I fought the urge to punch the air with a fist.

‘I like being around,’ I replied. ‘A lot.’

‘Daddy, can we watch a movie now?’ Jack asked as he hopped from one foot to the other on the kitchen tiles.

Sam glanced at the clock. ‘I’m not sure that’s such a good idea, buddy. It’s quite late.’

‘Oh please?’ Holly stood next to Sam and grabbed his leg.

I wanted to help Sam out. ‘How about if you watch the first half an hour while your dinner goes down, then it’ll be time for a bath and to get ready for bed? You can watch the rest tomorrow then, if it’s okay with your dad.’

‘Great idea!’ Jack shouted and took my hand and shook it up and down. ‘Clever Katie! Clever Katie!’

I giggled as the children ran into the lounge and I heard them debate which movie to watch.

‘Was that all right?’ I took a step closer to Sam. ‘I don’t want to talk out of turn. I just wanted to help out then and I…I uh…’ My words disappeared as my brain disengaged. Sam wound his fingers into my hair and pulled me towards him. As he pressed his lips to mine, I could smell garlic and wine and that delicious scent that was all his own. I wanted this man. But not just once. I knew that if I ever got lucky enough to actually be with him again, then once would not be enough.

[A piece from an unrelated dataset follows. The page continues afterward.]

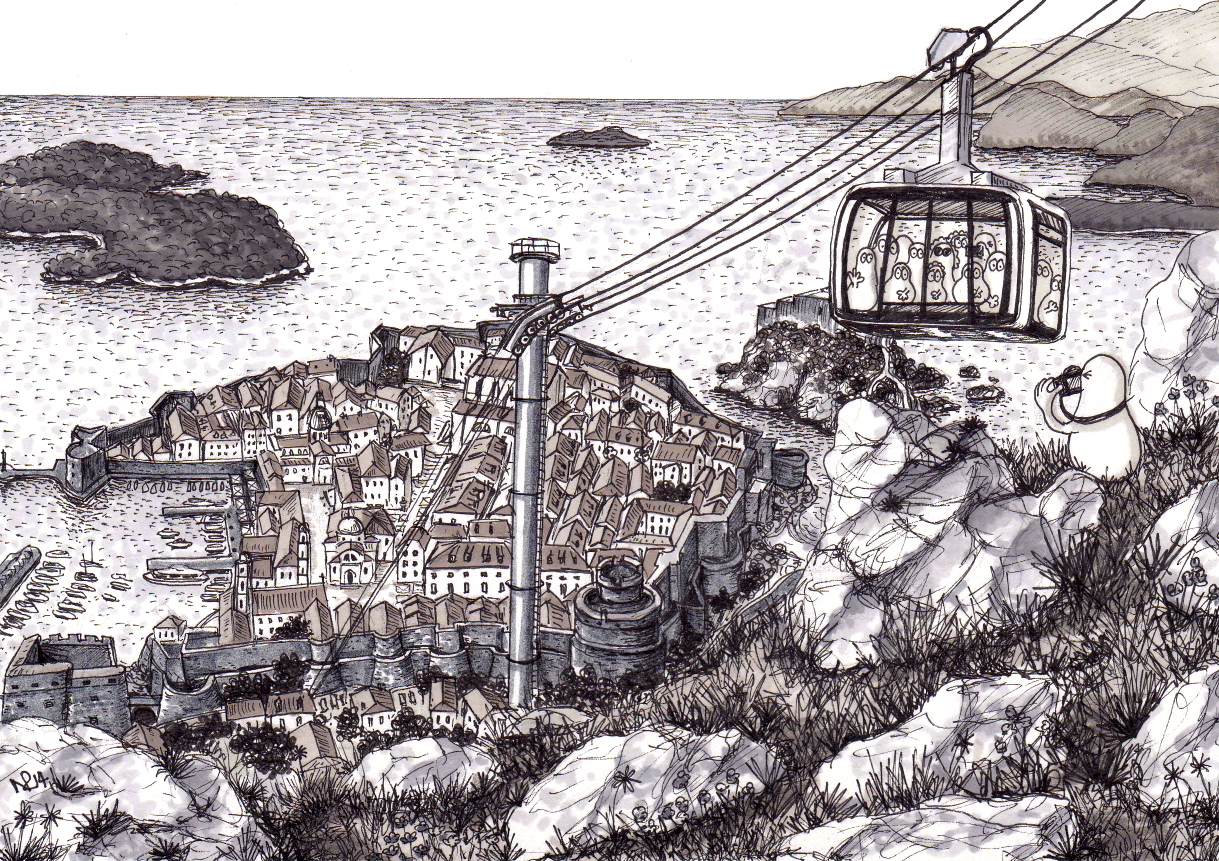 Norms in Dubrovnik take the Cable Car (2014 © Nicholas de Lacy-Brown, pen and ink on paper)

I would want him for ever.

He pulled back slightly and squinted at me. ‘Can’t see you very well this close, Katie. But holding you and kissing you just feels right. Like coming home.’

‘Uh huh.’
Do it some more!

And he did. He feathered soft little kisses over my lips then as his breathing quickened, he slid his tongue into my mouth and ran it over mine. I felt my own tongue come to life, as if independent of my body, and it flickered back at his, tangling with it in a heated dance of passion. A moan escaped from deep in my throat and heat flooded through me. Sam grabbed my leg and pulled it up to his hip, squeezing my thigh with his large strong hand. As he reached around and cupped my behind, I wrapped my arms around his neck and surrendered to my desire.